TASK TO COMPLETE
Search the data for the word "with" and copy each line that has it.

EXTRACTED MATERIAL Block Start

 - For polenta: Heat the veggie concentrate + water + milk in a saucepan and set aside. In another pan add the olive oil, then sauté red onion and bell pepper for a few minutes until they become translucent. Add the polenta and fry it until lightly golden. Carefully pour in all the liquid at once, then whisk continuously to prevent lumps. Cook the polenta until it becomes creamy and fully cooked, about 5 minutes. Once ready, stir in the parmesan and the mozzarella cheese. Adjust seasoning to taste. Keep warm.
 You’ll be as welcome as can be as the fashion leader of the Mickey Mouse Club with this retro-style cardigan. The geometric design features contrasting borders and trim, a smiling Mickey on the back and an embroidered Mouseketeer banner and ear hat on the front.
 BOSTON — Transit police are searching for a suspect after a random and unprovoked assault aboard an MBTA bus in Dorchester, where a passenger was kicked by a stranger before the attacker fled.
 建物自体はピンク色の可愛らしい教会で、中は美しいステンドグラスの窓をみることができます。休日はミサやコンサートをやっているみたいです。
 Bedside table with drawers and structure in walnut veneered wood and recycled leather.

EXTRACTED MATERIAL Block End
EXTRACTED MATERIAL Block Start

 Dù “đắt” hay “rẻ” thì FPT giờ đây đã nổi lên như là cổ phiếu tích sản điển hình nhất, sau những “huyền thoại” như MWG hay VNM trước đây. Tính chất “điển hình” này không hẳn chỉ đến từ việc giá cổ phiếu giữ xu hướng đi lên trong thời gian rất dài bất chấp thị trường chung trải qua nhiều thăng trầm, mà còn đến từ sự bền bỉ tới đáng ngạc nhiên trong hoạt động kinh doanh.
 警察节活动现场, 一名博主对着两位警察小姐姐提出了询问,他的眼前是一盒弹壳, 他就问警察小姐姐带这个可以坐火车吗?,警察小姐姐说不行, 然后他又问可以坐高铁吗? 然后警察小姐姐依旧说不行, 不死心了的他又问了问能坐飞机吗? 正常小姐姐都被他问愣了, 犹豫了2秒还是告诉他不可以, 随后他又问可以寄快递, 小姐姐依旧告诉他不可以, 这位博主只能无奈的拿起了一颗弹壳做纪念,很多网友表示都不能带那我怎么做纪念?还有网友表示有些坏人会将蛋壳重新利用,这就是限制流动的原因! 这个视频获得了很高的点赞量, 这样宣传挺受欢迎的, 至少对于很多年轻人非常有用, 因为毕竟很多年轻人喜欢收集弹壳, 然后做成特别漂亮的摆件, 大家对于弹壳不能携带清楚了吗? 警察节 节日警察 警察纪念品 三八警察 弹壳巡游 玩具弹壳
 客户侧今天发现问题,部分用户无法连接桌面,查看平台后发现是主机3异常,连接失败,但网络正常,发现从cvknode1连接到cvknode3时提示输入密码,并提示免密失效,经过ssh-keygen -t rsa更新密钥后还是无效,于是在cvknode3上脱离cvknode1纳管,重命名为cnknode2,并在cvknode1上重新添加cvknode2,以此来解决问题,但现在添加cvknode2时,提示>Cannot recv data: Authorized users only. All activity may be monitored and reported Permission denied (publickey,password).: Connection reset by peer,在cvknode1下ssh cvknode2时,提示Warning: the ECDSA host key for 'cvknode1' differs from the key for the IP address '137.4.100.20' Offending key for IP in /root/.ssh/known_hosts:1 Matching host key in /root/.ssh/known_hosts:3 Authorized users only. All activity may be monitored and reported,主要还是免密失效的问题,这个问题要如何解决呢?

EXTRACTED MATERIAL Block End
EXTRACTED MATERIAL Block Start

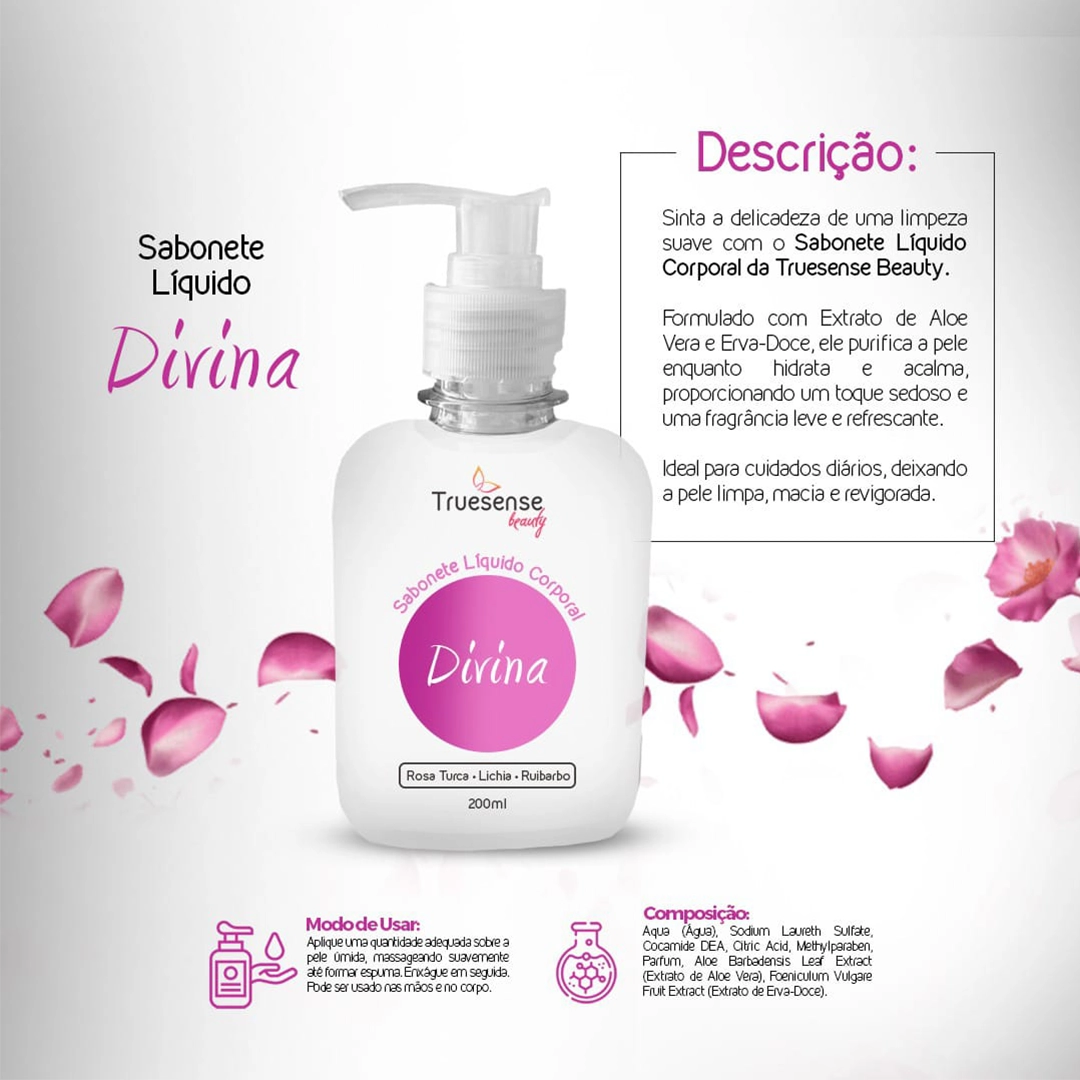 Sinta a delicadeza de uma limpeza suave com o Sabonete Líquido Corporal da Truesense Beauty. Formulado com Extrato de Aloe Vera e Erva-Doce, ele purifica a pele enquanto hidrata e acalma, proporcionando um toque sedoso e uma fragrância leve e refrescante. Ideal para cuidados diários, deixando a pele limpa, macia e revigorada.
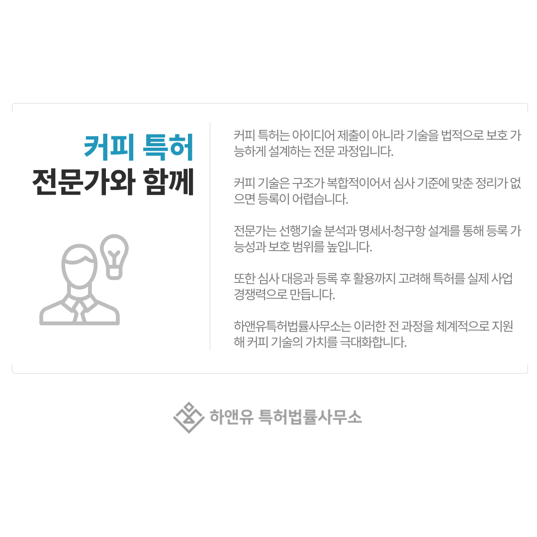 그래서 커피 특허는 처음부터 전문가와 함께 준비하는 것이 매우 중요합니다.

EXTRACTED MATERIAL Block End

REPLY
 You’ll be as welcome as can be as the fashion leader of the Mickey Mouse Club with this retro-style cardigan. The geometric design features contrasting borders and trim, a smiling Mickey on the back and an embroidered Mouseketeer banner and ear hat on the front.
 Bedside table with drawers and structure in walnut veneered wood and recycled leather.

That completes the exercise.